DATA below:

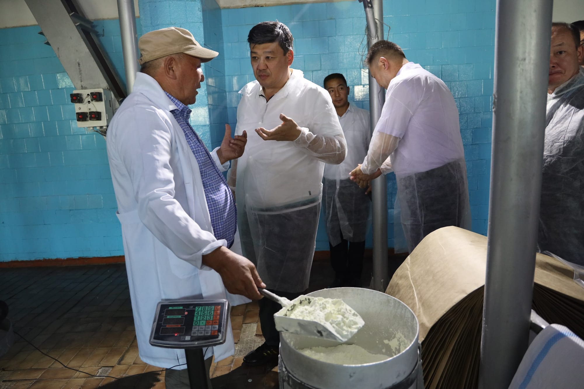 Министр отметил необходимость реконструкции и модернизации «Талас сут» в соответствии с современными требованиями. На данный момент суточная мощность предприятия в летний сезон составляет 30-40 тонн при численности специалистов и рабочих около 70 человек.
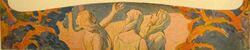 The god Odin has been a source of inspiration for artists working in fine art, literature, and music. Fine art depictions of Odin in the modern period include the pen and ink drawing Odin byggande Sigtuna (1812) and the sketch King Gylfe receives Oden on his arrival to Sweden (1816) by Pehr Hörberg; the drinking horn relief Odens möte med Gylfe (1818), the marble statue Odin (1830) and the colossal bust Odin by Bengt Erland Fogelberg, the statues Odin (1812/1822) and Odin (1824/1825) by Hermann Ernst Freund, the sgraffito over the entrance of Villa Wahnfried in Bayreuth (1874) by R. Krausse, the painting Odin (around 1880) by Edward Burne-Jones, the drawing Thor und Magni (1883) by K. Ehrenberg, the marble statue Wodan (around 1887) by H. Natter, the oil painting Odin und Brunhilde (1890) by Konrad Dielitz, the graphic drawing Odin als Kriegsgott (1896) by Hans Thoma, the painting Odin and Fenris (around 1900) by Dorothy Hardy, the oil painting Wotan und Brünhilde (1914) by Koloman Moser, the painting The Road to Walhall by S. Nilsson, the wooden Oslo City Hall relief Odin og Mime (1938) and the coloured wooden relief in the courtyard of the Oslo City Hall Odin på Sleipnir (1945–1950) by Dagfin Werenskiold, and the bronze relief on the doors of the Swedish Museum of National Antiquities, Odin (1950) by Bror Marklund.[93]
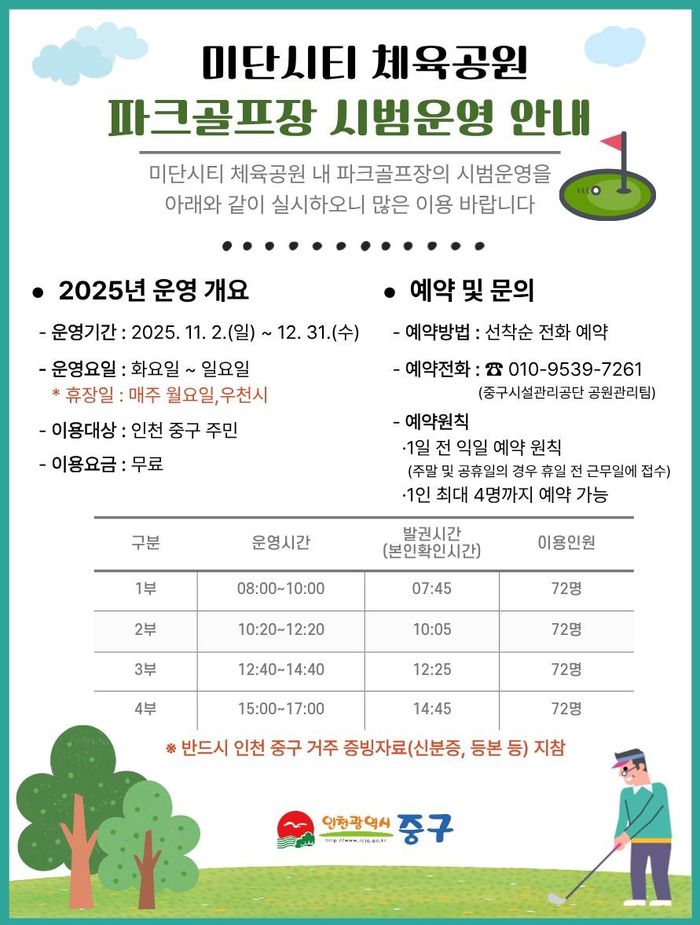 인천시 중구는 미단시티 체육공원 내에 ‘파크골프장’을 새로 조성, 다음 달 2일부터 시범 운영한다고 21일 밝혔다.
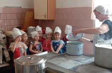 Массу положительных эмоций получили ребята в ходе экскурсии на кухню, где повар Гельнур Шартиновна рассказала и показала, из чего варят суп.
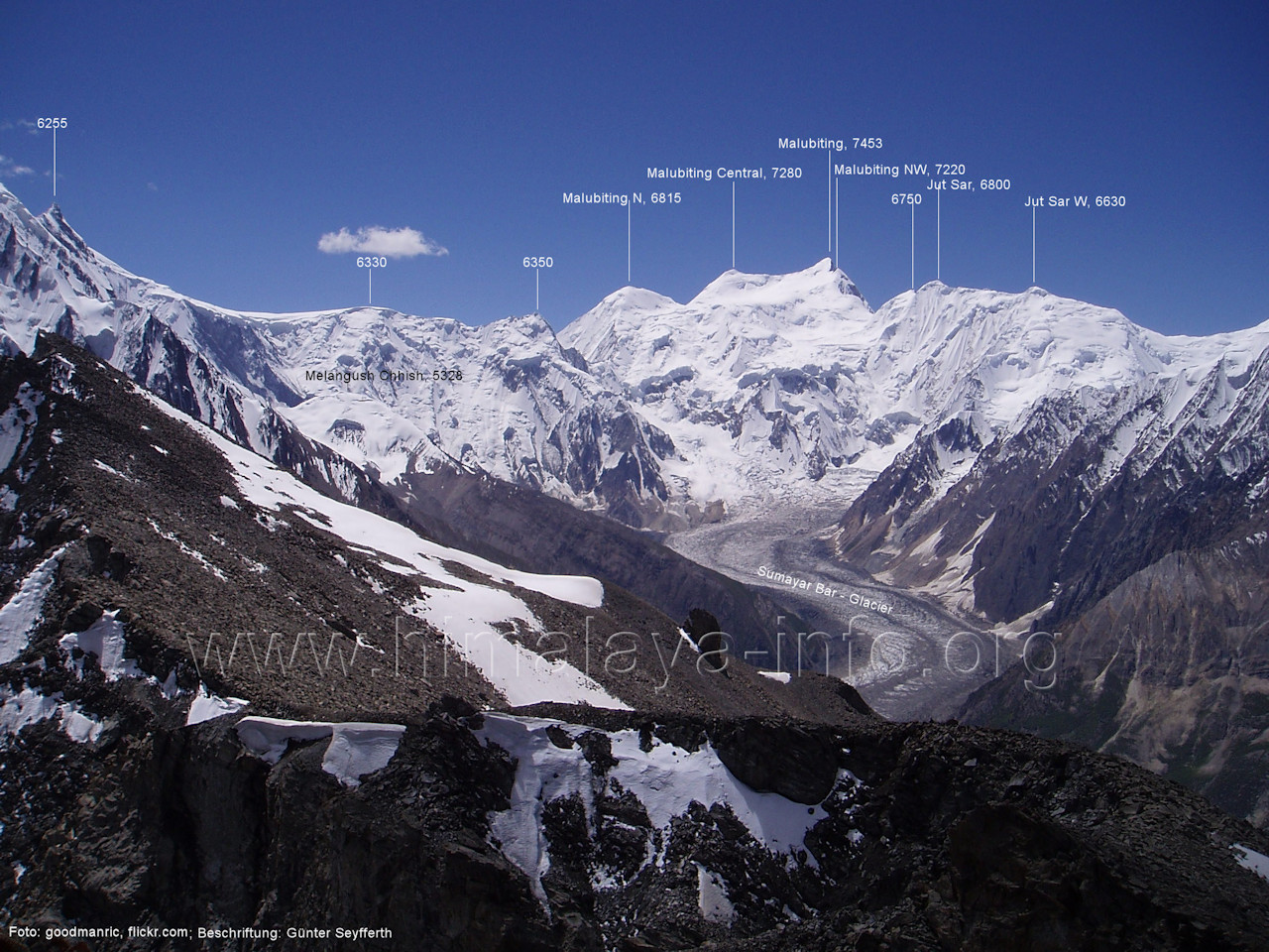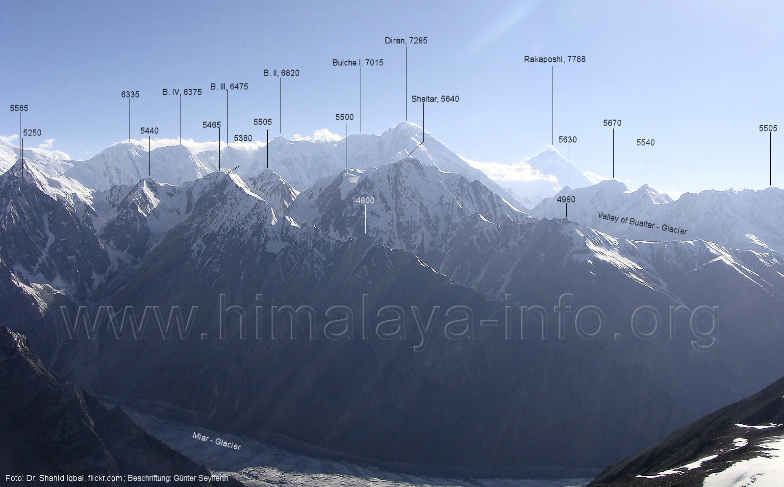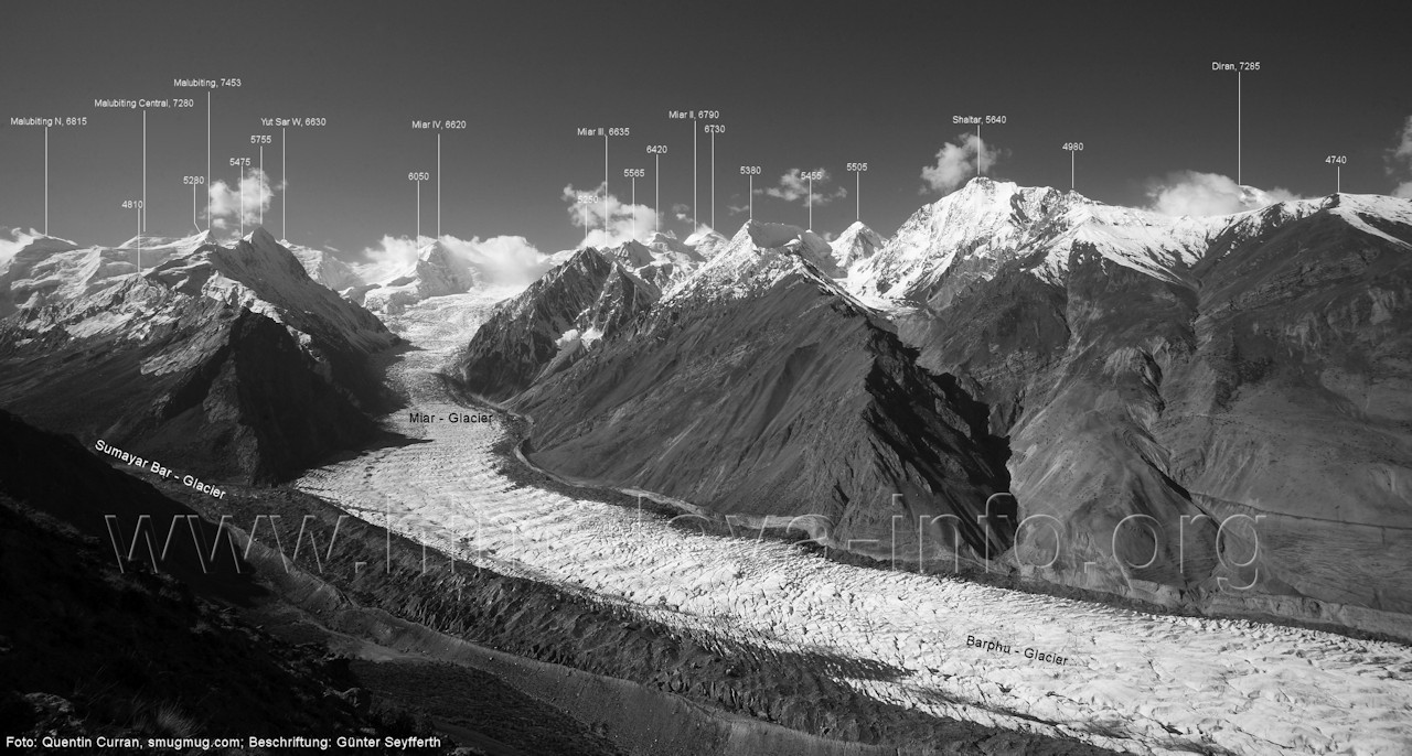 Bualtar-Gletscher hinuntergestiegen ist. Foto: Quentin Curran, smugmug.com; Beschriftung: Günter Seyfferth (3) Blick von der Moräne am Nordrand des Barphu-Gletschers in ca. 2930 m Höhe nach Südosten zum Spantik (7027 m) Der schuttfreie Bereich des Gletschers ist das Eis des Miar-Gletschers nach der Vereinigung mit dem Sumayar Bar-Gletscher. Foto: Quentin Curran, smugmug.com; Beschriftung: Günter Seyfferth

End of DATA.

YOUR OBJECTIVE -
Print exactly the lines above that run from the one with "인천시 중구는 미단시티" down to the one with "Массу положительных эмоций", and omit the pictures.

SOLUTION -
 인천시 중구는 미단시티 체육공원 내에 ‘파크골프장’을 새로 조성, 다음 달 2일부터 시범 운영한다고 21일 밝혔다.
 Массу положительных эмоций получили ребята в ходе экскурсии на кухню, где повар Гельнур Шартиновна рассказала и показала, из чего варят суп.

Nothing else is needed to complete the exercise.